#### Task statement
Beginning with the line of the entries below that holds "La production de" and ending with the line that holds "The Little Cottage", transcribe each line exactly as written. Pictures stay out.

#### Records for the task
____
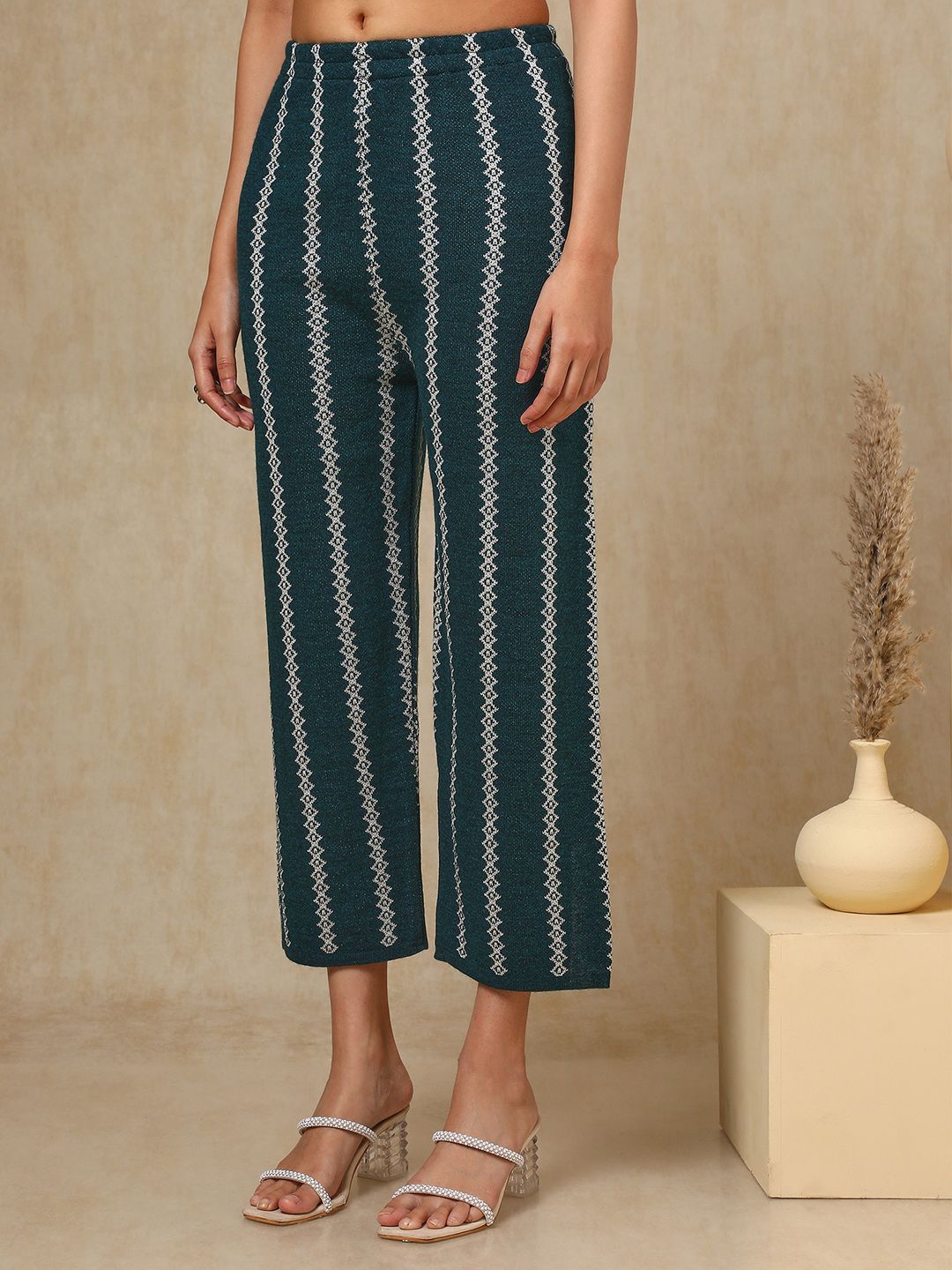 Teal green and white woven design kurta with trouser
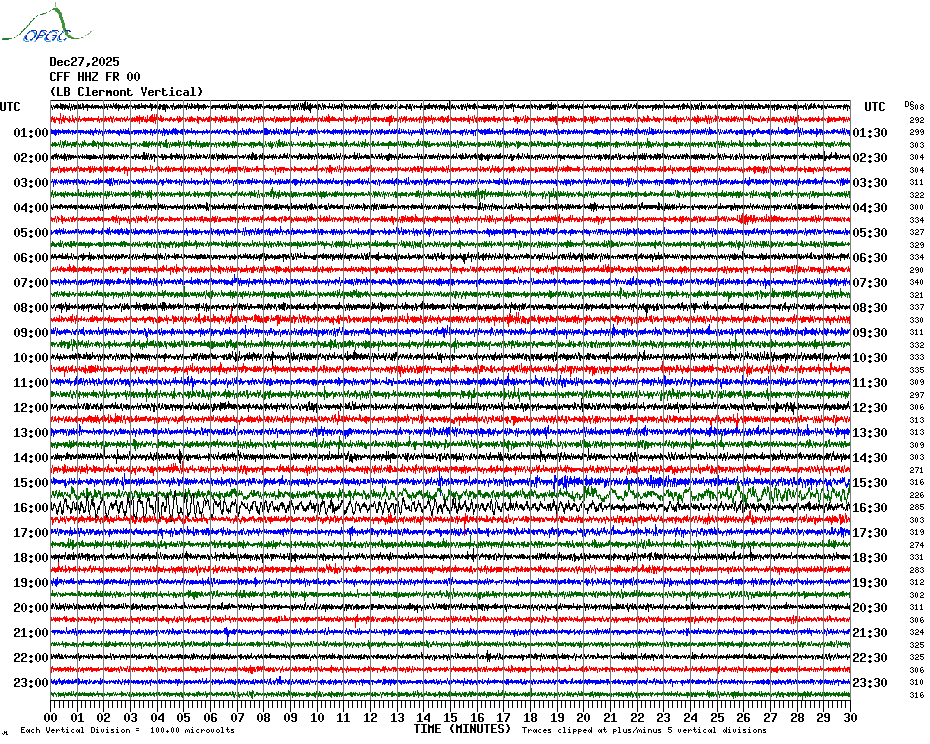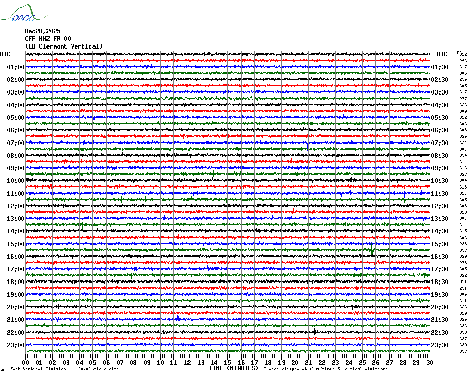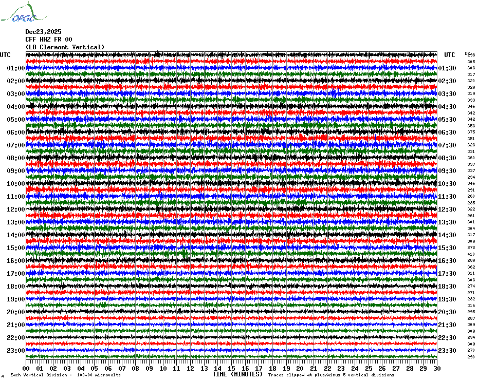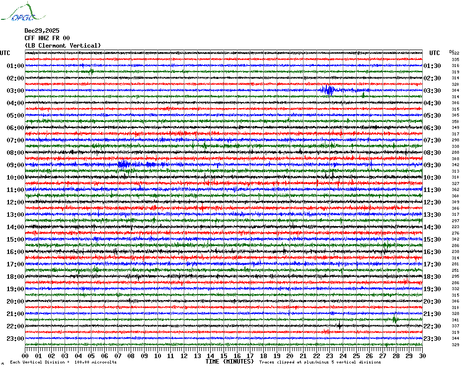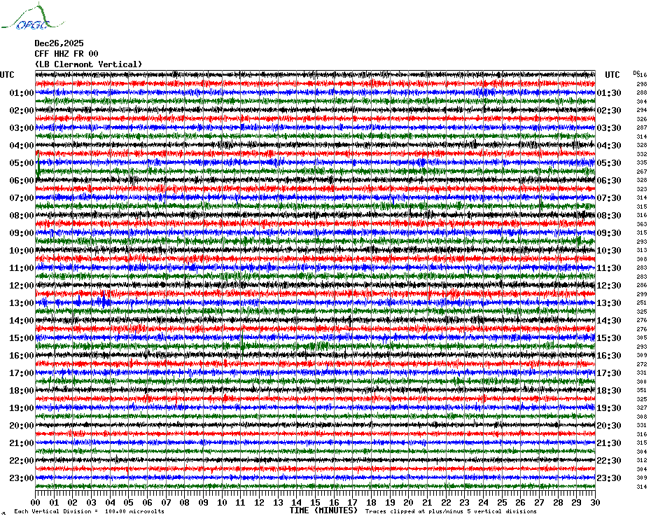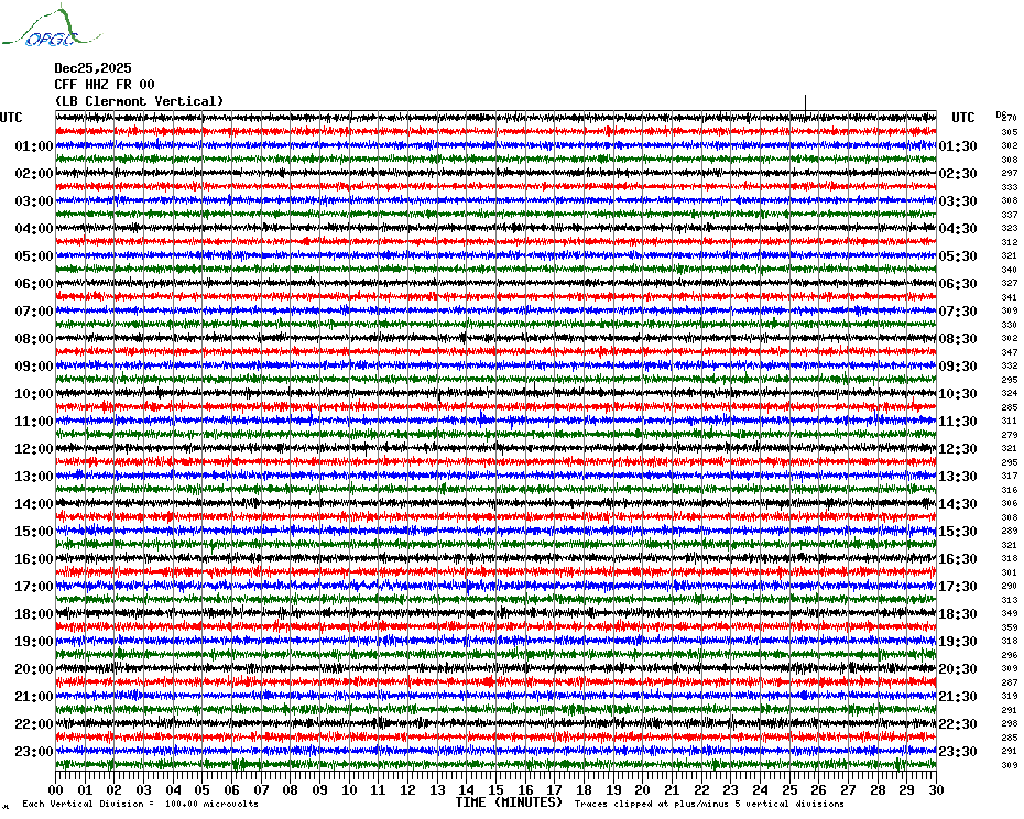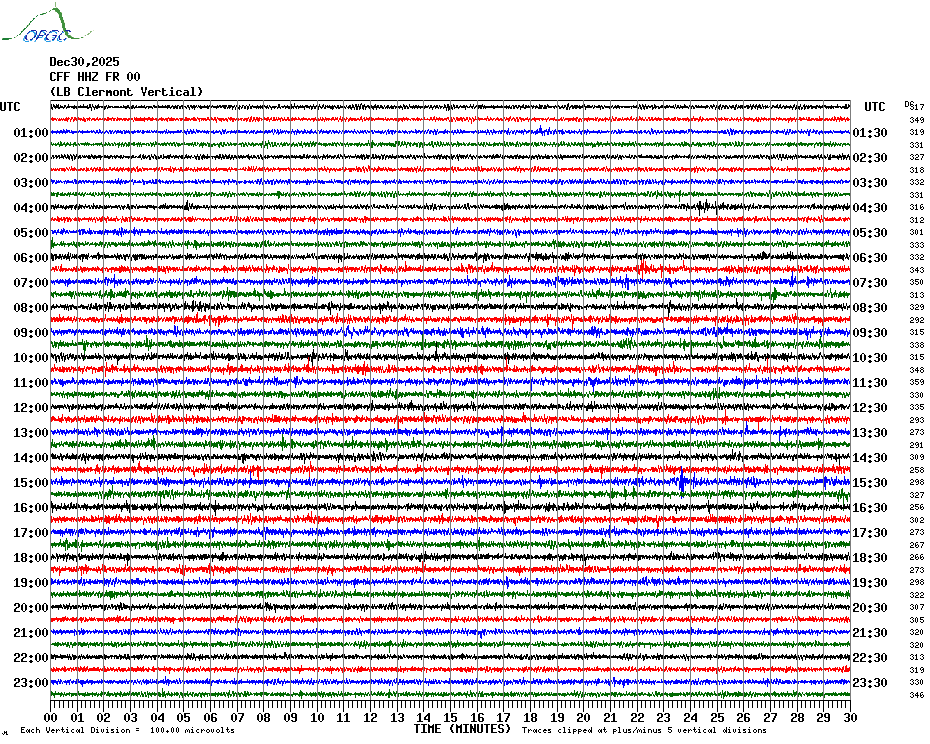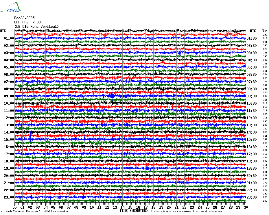 Sismogrammes du Réseau Sismologique Auvergne par fenêtre de 24h
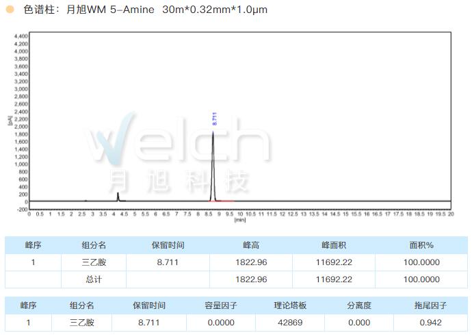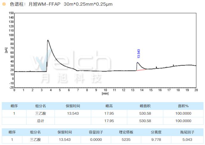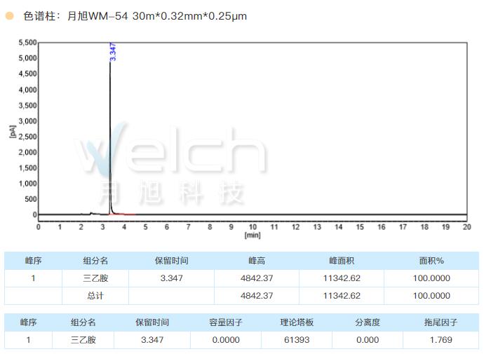 月旭科技胺改性柱WM 5-Amine 30m*0.32mm*1.0μm 檢測(cè)三乙胺有很好的峰形和柱效。由于這一類物質(zhì)在系統(tǒng)中也可能有殘留,故儀器各部件也進(jìn)行對(duì)應(yīng)的清洗更換。
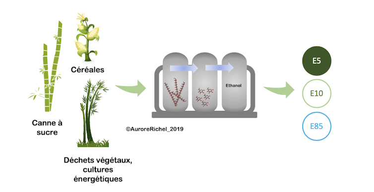 La production de bioéthanol repose sur des ressources végétales qu’elles soient à vocation primaire alimentaire (comme le blé, le maïs, la canne à sucre) ou non (cultures dédiées comme le miscanthus, le bois, les déchets agricoles, etc.). On fabrique ce carburant grâce à une fermentation de certaines molécules renouvelables (de type « sucres ») contenues dans ces ressources végétales permettant d’obtenir de l’éthanol. À la pompe, l’indication E10 fait ainsi référence à une essence contenant 10 % en volume de bioéthanol.
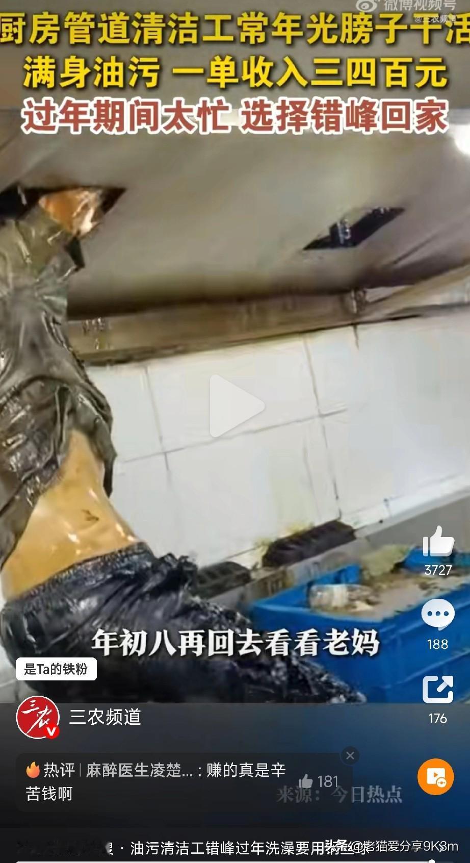 油污清洁工洗澡要用钢丝球 今天腊月二十七,家家户户都在抢票回家,可河南周口的管道清洁工老张,却穿着油污马甲蹲在饭店后厨——他正用铁铲、洗洁精和洗衣粉,跟管道里的“黑油山”死磕! “这管子一年没清,油垢结得比石头还硬,不爬进去铲两小时,根本通不了!”老张抹了把汗,后背的油污在灯光下反光。 他说干完这一单能挣三四百,但最头疼的是收工后的“洗礼”——身上粘的油污,用普通肥皂根本洗不掉,得靠钢丝球硬搓! “皮肤都搓红了,但没办法,回家坐火车不能熏着人…” 更心酸的是,为了不影响饭店营业,他和工友们已经六七年没在除夕夜陪家人了。总是等到年初六初七,才拖着满是油污味的行李箱,匆匆赶回老家看老婆孩子。 “老妈总说‘回来就行,不挑日子’,可每次视频看她盯着团圆饭发呆,心里真不是滋味…” 这些“城市清道夫”用满身油污换来我们的干净年,而他们自己,却只能用钢丝球和错峰车票,换一张回家的团圆照。 他们不是“脏兮兮的工人”,而是用辛苦扛起城市温度的英雄! (文章素材来自三农频道,侵删)
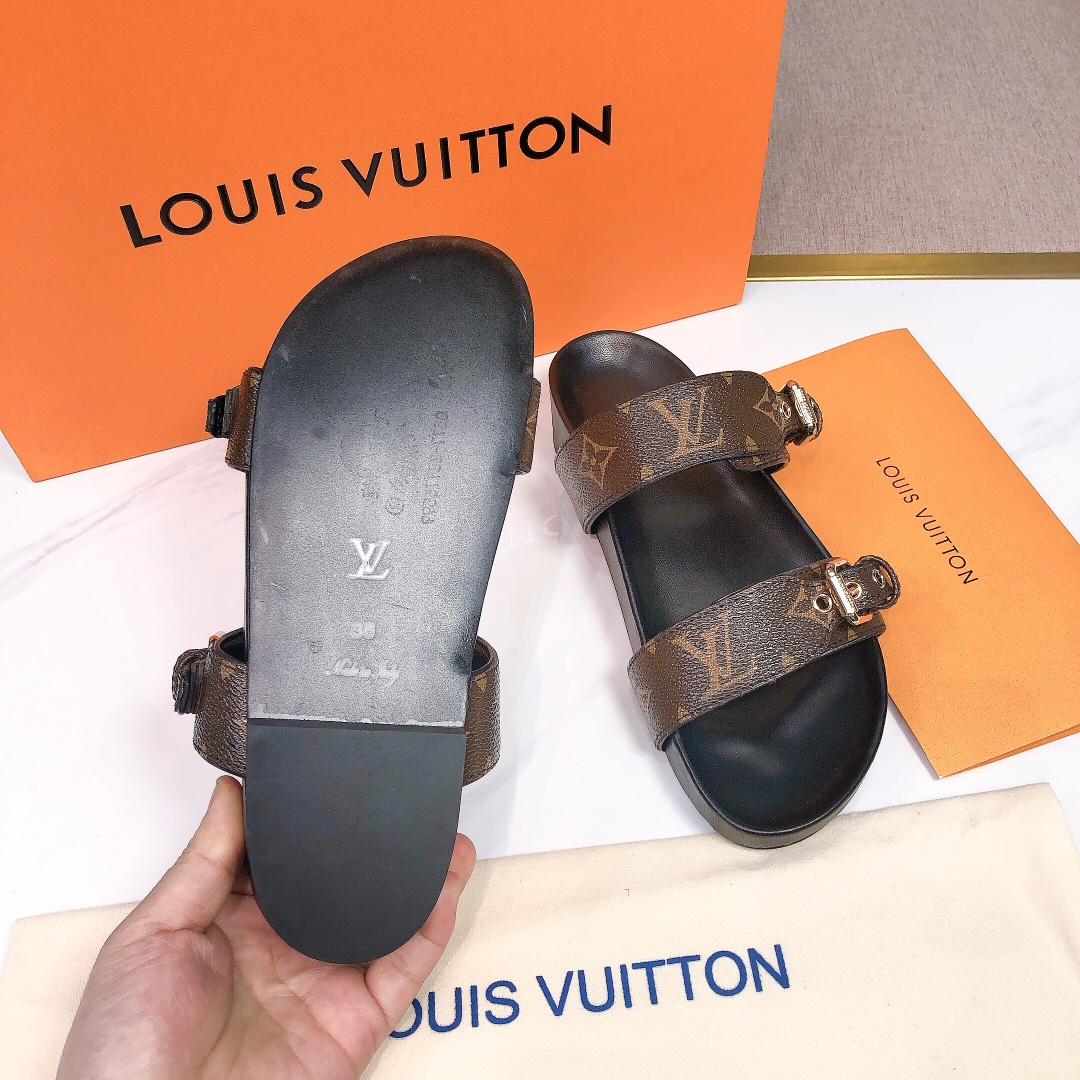 Louis Vuitton LV Bom Dia Flap Mule Leather Slide Sandals
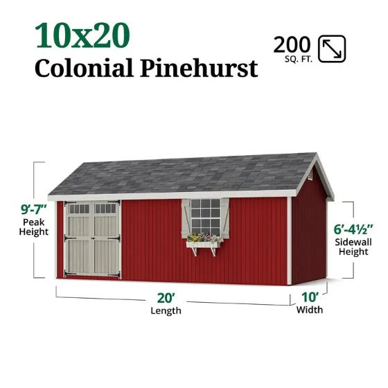 The Little Cottage Co. 10x20 Colonial Pinehurst shed offers timeless Colonial styling paired with practical everyday functionality. Designed with classic Colonial-style doors and decorative hinges, it adds subtle character and curb appeal to any backyard. A functional window and built-in vent allow natural light and fresh air to circulate, creating a brighter and more comfortable interior. Finished with paint-ready wood siding, the shed is easy to customize to complement your home’s exterior. Whether used for storage, hobbies, or as a quiet backyard retreat, the Colonial Pinehurst delivers versatility, durability, and classic charm in a range of spacious size options.
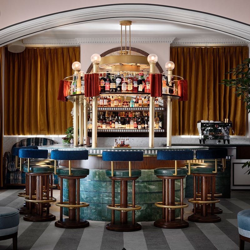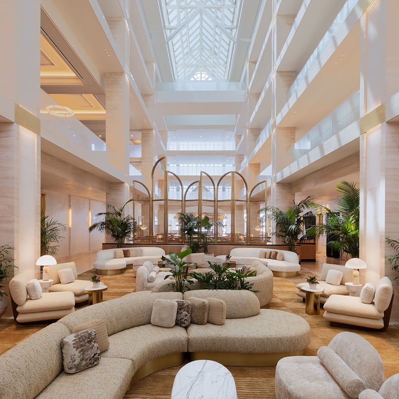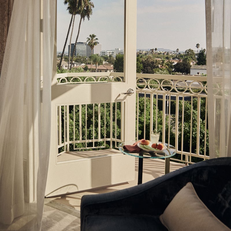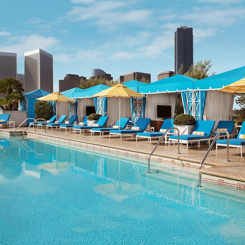 The Maybourne group's California debut channels the elegance of Claridge's through warm Art Deco interiors that honor Hollywood's golden era. Its ninth-floor rooftop delivers sweeping views to the Hollywood sign, while the blue-mosaic pool plays music underwater. The intimate Whisky Bar pours rare Macallan scotch alongside refined spa treatments and Uma Ayurveda rituals—classically indulgent, quintessentially Beverly Hills.
____
#### Response to the exercise
 La production de bioéthanol repose sur des ressources végétales qu’elles soient à vocation primaire alimentaire (comme le blé, le maïs, la canne à sucre) ou non (cultures dédiées comme le miscanthus, le bois, les déchets agricoles, etc.). On fabrique ce carburant grâce à une fermentation de certaines molécules renouvelables (de type « sucres ») contenues dans ces ressources végétales permettant d’obtenir de l’éthanol. À la pompe, l’indication E10 fait ainsi référence à une essence contenant 10 % en volume de bioéthanol.
 油污清洁工洗澡要用钢丝球 今天腊月二十七,家家户户都在抢票回家,可河南周口的管道清洁工老张,却穿着油污马甲蹲在饭店后厨——他正用铁铲、洗洁精和洗衣粉,跟管道里的“黑油山”死磕! “这管子一年没清,油垢结得比石头还硬,不爬进去铲两小时,根本通不了!”老张抹了把汗,后背的油污在灯光下反光。 他说干完这一单能挣三四百,但最头疼的是收工后的“洗礼”——身上粘的油污,用普通肥皂根本洗不掉,得靠钢丝球硬搓! “皮肤都搓红了,但没办法,回家坐火车不能熏着人…” 更心酸的是,为了不影响饭店营业,他和工友们已经六七年没在除夕夜陪家人了。总是等到年初六初七,才拖着满是油污味的行李箱,匆匆赶回老家看老婆孩子。 “老妈总说‘回来就行,不挑日子’,可每次视频看她盯着团圆饭发呆,心里真不是滋味…” 这些“城市清道夫”用满身油污换来我们的干净年,而他们自己,却只能用钢丝球和错峰车票,换一张回家的团圆照。 他们不是“脏兮兮的工人”,而是用辛苦扛起城市温度的英雄! (文章素材来自三农频道,侵删)
 Louis Vuitton LV Bom Dia Flap Mule Leather Slide Sandals
 The Little Cottage Co. 10x20 Colonial Pinehurst shed offers timeless Colonial styling paired with practical everyday functionality. Designed with classic Colonial-style doors and decorative hinges, it adds subtle character and curb appeal to any backyard. A functional window and built-in vent allow natural light and fresh air to circulate, creating a brighter and more comfortable interior. Finished with paint-ready wood siding, the shed is easy to customize to complement your home’s exterior. Whether used for storage, hobbies, or as a quiet backyard retreat, the Colonial Pinehurst delivers versatility, durability, and classic charm in a range of spacious size options.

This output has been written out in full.